▸ Exercise requirements:
Word for word, restate the lines of the data below between those holding "Как сообщает корреспондент" and "Общая площадь 45,15 кв.м.", inclusive; pictures do not belong in the copy.

▸ Data for review:

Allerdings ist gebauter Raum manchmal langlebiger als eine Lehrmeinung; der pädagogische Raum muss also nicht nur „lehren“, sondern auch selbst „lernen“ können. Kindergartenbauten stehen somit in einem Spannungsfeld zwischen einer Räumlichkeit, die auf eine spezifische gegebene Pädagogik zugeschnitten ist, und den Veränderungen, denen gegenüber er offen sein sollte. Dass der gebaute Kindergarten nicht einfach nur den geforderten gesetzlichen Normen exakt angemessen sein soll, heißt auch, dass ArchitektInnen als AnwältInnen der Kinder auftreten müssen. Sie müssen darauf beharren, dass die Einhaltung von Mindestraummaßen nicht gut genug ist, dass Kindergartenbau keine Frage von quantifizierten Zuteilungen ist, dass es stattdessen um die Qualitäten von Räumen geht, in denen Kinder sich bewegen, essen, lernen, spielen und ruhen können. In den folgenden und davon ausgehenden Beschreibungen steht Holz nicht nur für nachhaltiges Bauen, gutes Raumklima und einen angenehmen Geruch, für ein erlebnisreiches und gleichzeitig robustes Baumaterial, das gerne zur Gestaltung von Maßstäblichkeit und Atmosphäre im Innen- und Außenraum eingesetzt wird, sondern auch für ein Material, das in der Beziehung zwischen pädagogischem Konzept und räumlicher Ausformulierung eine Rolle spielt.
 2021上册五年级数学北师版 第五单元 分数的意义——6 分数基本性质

...

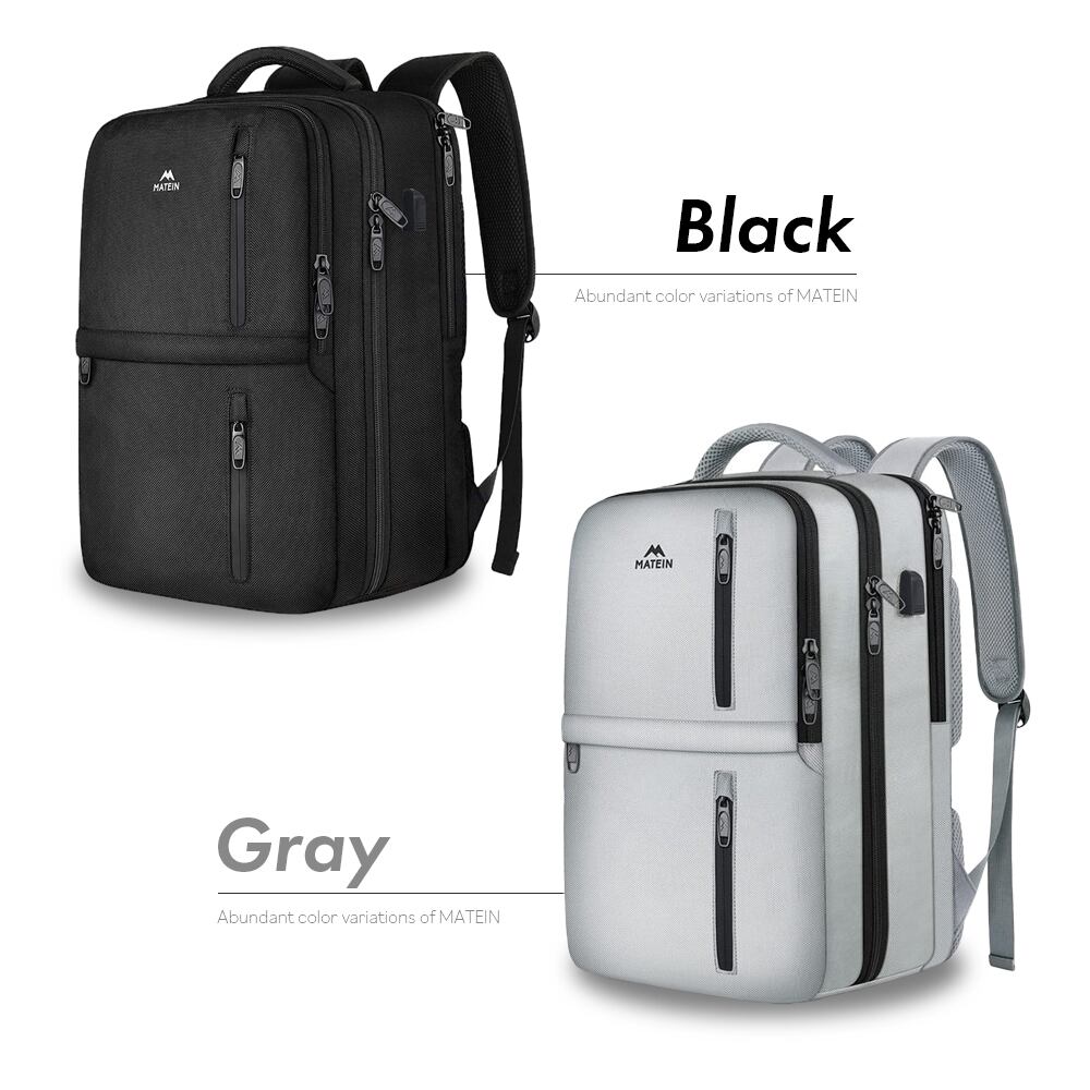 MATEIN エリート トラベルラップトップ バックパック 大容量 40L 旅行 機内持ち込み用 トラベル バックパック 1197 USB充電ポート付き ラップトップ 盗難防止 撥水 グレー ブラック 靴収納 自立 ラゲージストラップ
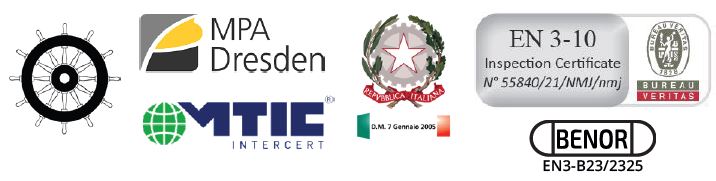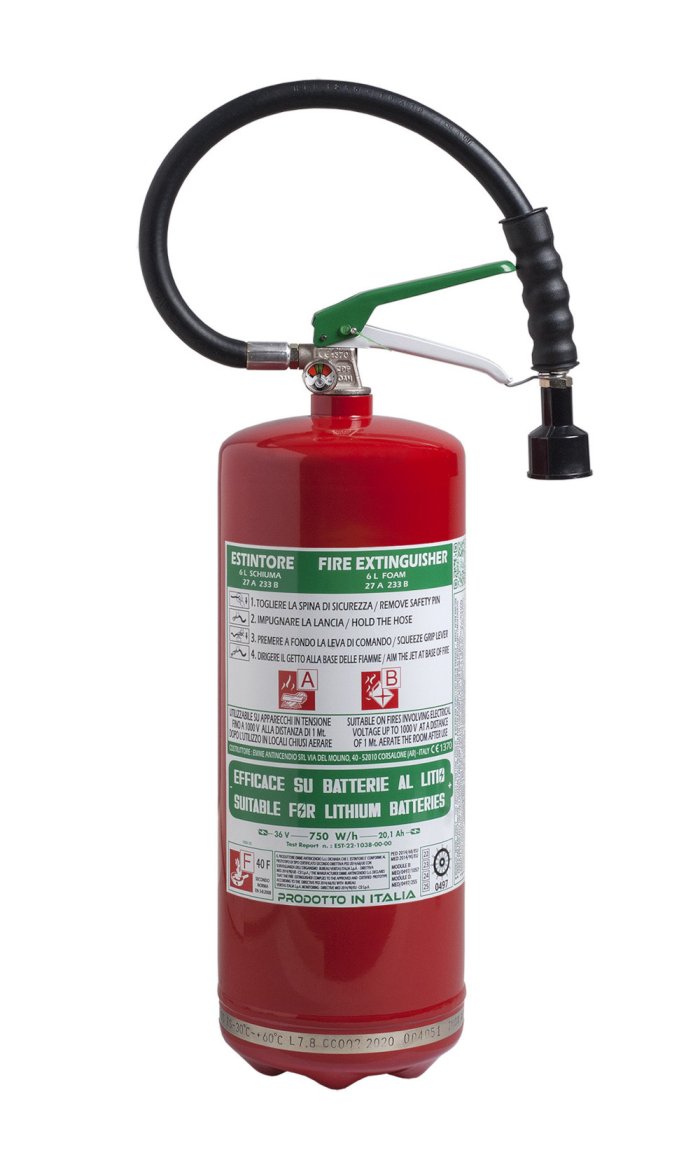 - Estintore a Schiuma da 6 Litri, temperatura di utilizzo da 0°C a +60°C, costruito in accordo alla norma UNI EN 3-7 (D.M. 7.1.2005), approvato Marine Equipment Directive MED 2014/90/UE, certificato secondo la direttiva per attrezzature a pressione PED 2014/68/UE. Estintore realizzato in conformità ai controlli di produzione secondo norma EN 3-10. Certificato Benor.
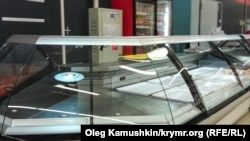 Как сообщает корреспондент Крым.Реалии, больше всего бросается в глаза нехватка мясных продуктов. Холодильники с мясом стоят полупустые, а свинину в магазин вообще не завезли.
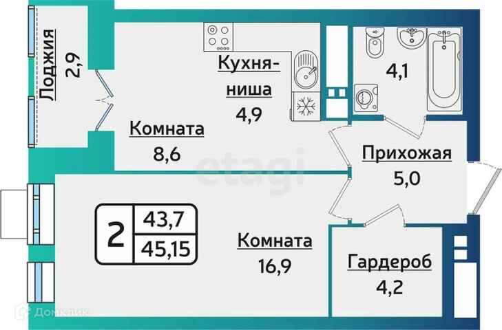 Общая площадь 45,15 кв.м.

▸ Task result:
 Как сообщает корреспондент Крым.Реалии, больше всего бросается в глаза нехватка мясных продуктов. Холодильники с мясом стоят полупустые, а свинину в магазин вообще не завезли.
 Общая площадь 45,15 кв.м.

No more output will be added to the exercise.